▸ **Data supplied**:
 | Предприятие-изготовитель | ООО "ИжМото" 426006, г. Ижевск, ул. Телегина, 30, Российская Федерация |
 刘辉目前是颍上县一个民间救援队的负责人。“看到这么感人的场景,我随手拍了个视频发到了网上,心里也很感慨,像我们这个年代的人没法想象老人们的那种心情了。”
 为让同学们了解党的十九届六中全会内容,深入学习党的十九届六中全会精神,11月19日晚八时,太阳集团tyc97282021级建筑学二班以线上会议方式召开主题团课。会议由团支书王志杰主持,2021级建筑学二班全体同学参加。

---

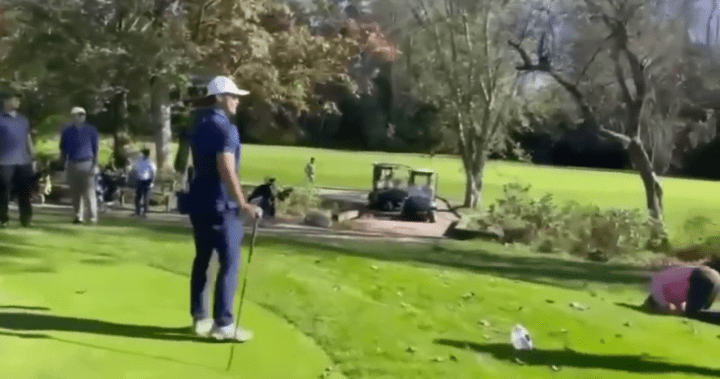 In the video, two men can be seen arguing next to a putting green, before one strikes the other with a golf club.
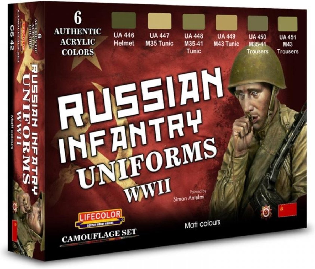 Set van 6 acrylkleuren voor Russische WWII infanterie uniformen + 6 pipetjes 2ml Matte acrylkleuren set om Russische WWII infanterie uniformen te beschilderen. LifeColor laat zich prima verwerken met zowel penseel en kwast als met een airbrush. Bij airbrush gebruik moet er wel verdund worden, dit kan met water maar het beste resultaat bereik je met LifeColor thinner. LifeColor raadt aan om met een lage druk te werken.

---

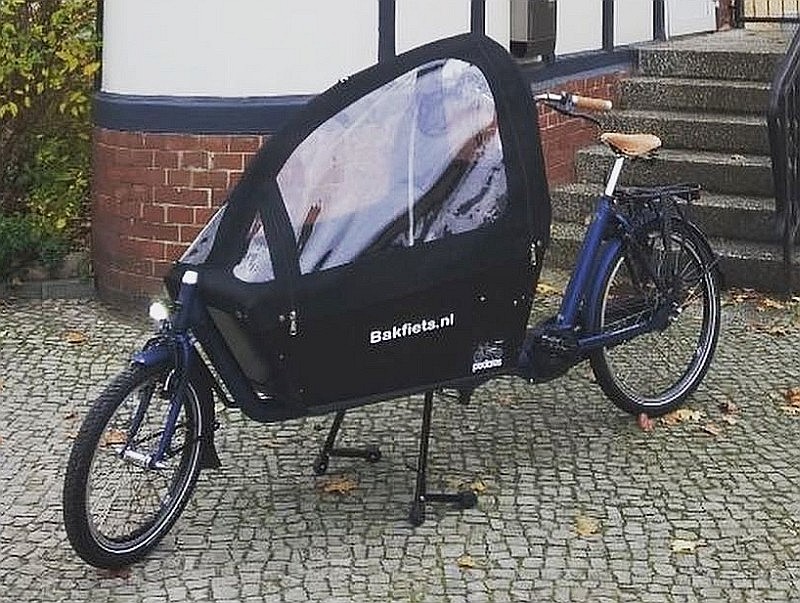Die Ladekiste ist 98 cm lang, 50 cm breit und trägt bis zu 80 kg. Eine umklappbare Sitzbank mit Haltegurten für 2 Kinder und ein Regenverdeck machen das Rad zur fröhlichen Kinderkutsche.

▸ **Exercise requirements**: Range to copy from the records above: the line containing "In the video, two" to the line containing "Set van 6 acrylkleuren", both included. Output those lines exactly and only those, skipping pictures.

▸ **Your solution**:
 In the video, two men can be seen arguing next to a putting green, before one strikes the other with a golf club.
 Set van 6 acrylkleuren voor Russische WWII infanterie uniformen + 6 pipetjes 2ml Matte acrylkleuren set om Russische WWII infanterie uniformen te beschilderen. LifeColor laat zich prima verwerken met zowel penseel en kwast als met een airbrush. Bij airbrush gebruik moet er wel verdund worden, dit kan met water maar het beste resultaat bereik je met LifeColor thinner. LifeColor raadt aan om met een lage druk te werken.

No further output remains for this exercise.